Chicom refers to communist China. Most of the tools coming from them are made of inferior quality steel, easy to sharpen but soft metal.

The S&W folding knifes I've seen were made in China with their logo engraved on them, same with the Winchester and Remington knives.

Post a pic of the S&W if you can.

Rick


----------



## ruger1 (Jan 2, 2011)

Ohh, learn something knew everyday.I did find out that it is made in Taiwan


----------



## AHUNTR (Oct 27, 2010)

that hatchette is to big for u:whistling:


----------



## FowlHunter13 (Jan 11, 2011)

Take a look at what Cold Steel has to offer as far as camp hatchets. I have had one for several years now and love it. It is buried in my camping gear at the moment and I can't remember what model mine is off the top of my head, but they make a couple that sound like what you might be looking for.


----------



## Framerguy (Oct 2, 2007)

I have tent camped in a Timberline backpacking 2 man tent for most of my life and a camp axe, to me, is a well made dependable utility piece of equipment that can be easily transported in a Duluth pack or other type of pack or packframe. That "tommyhawk" lookin' Taiwan toy is something that I would expect some kid to say, "Cooooool!!" when he sees it. 

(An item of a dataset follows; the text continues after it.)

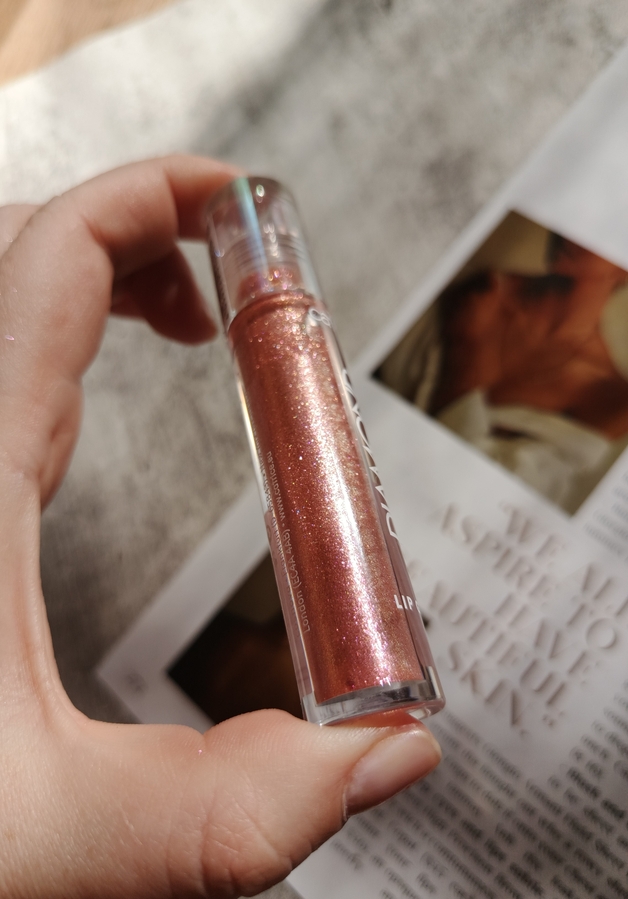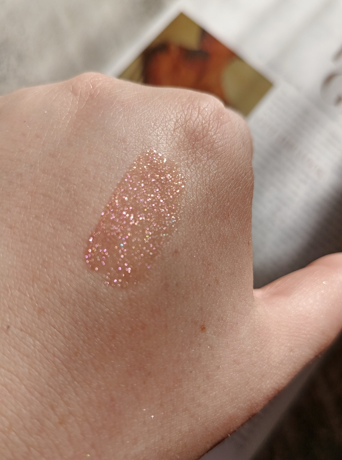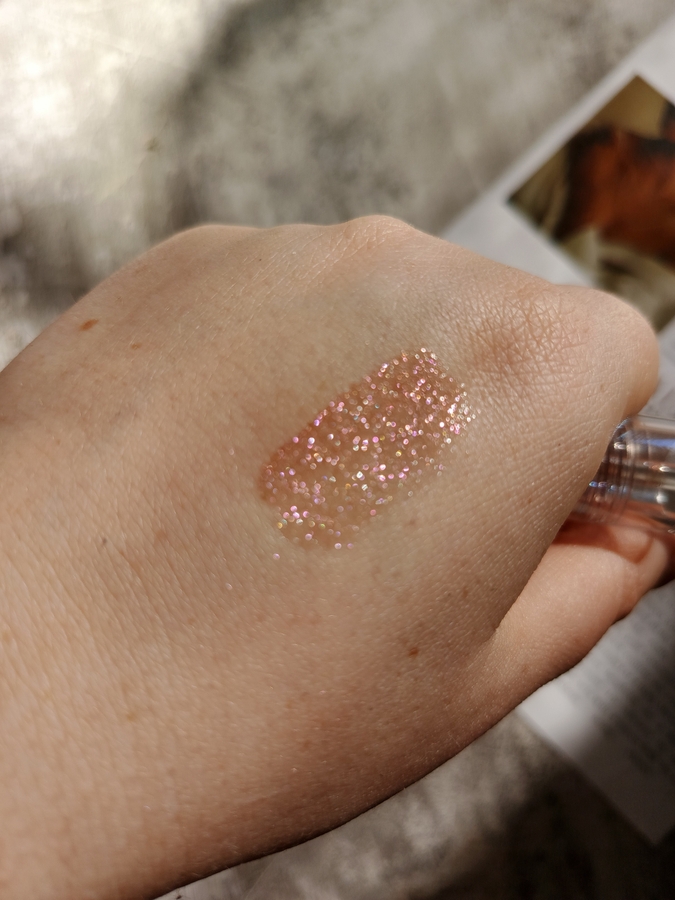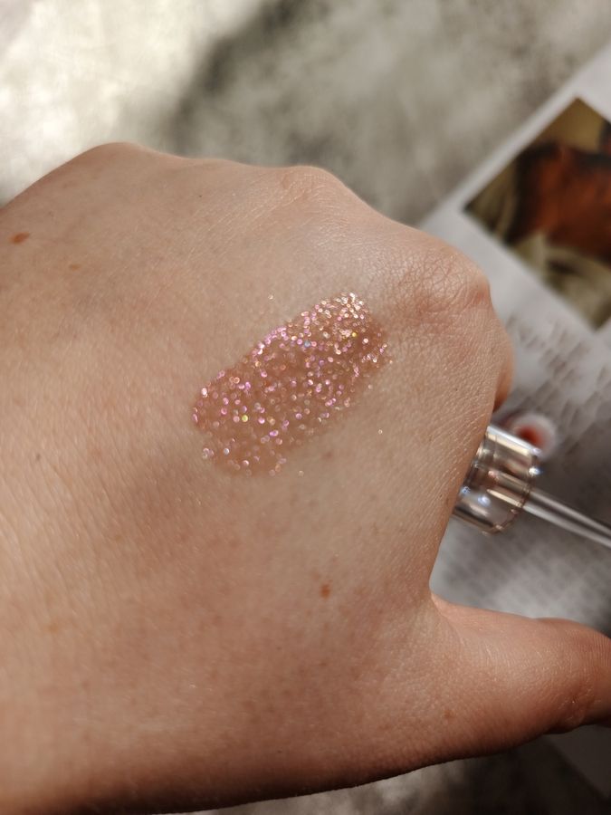 Цветовой базы блеск не имеет, но в прозрачной массе очень много разноцветных розово-рыже-золотистых блесток с небольшим вкраплением голубого и серебра.
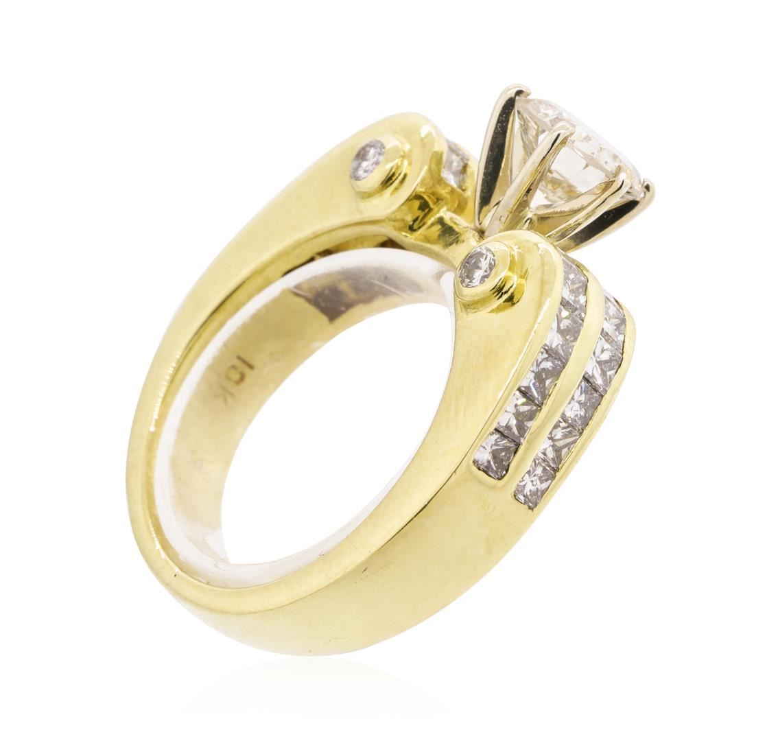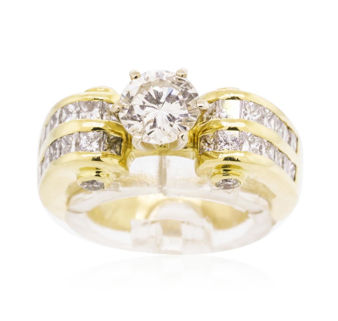 One electronically tested 18KT yellow gold Ladies combination cast & assembled wedding ring with a double row raised shoulders motif with a bright polish finish. The featured Ladies ring has a shank measuring 4.00 millimeters wide. Identified with markings of '18K'. Condition is like new, good workmanship. Containing: One prong set round brilliant cut diamond, measuring 6.40 - 6.35 x 4.05mm (depth est.) approximate weight of 1.03ct. Graded in the setting. Color H - I Clarity I-1 Cut Good Twenty-Eight channel set princess cut diamonds, measuring 2.00 x 2.00 x 1.50mm (depth est.) approximate total weight of 28 Stones = 1.38ct. Graded in the setting. Color H - I Clarity VS-2 to SI-1 Cut Good Four bezel set round brilliant cut diamonds, measuring 2.10 - 2.00 x 1.27mm (depth est.) approximate total weight of 4 Stones = 0.13ct. Graded in the setting. Color G - H Clarity SI-1 to SI-2 Cut Good. Total Weight of Diamonds 2.54ct. Total Weight of Ring 9.80gm. GAS Appraised.

If you're looking for lightweight and cheap, Sportsman's Guide has a small double-bit hand axe for under $20. I had one similar to it and it was OK for splitting kindling but didn't have enough weight behind it nor handle length to split logs into firewood. 

I don't know what type of camping you do but I would opt for a standard size axe of about 2.5# to 3.5# and a 24" to 30" hickory handle and a good quality heavy leather scabbard. A good single bit axe is the Cold Steel Camp Boss or Trail Boss, I forget which but it has a nice shaped Scandinavian style head that will split bolts into firewood with one swing mostly and it is a good quality carbon steel which can be sharpened with a river rock in an emergency! If you pack in somewhere and don't want to carry a regular camping axe of this size, there are many single bit camp hand-axes that will weigh up to 2# and be more useful than any throwing type axe. You want enough weight to go through the wood block you want to split, not bounce off of it. Throwing axes have a purpose but, in my opinion, camping isn't one of them.


----------



## ruger1 (Jan 2, 2011)

Thanks for the advice "Ahunter" or is it a ****?........


----------



## shootnstarz (May 4, 2011)

Yea, what Framerguy said !!!!

Rick


----------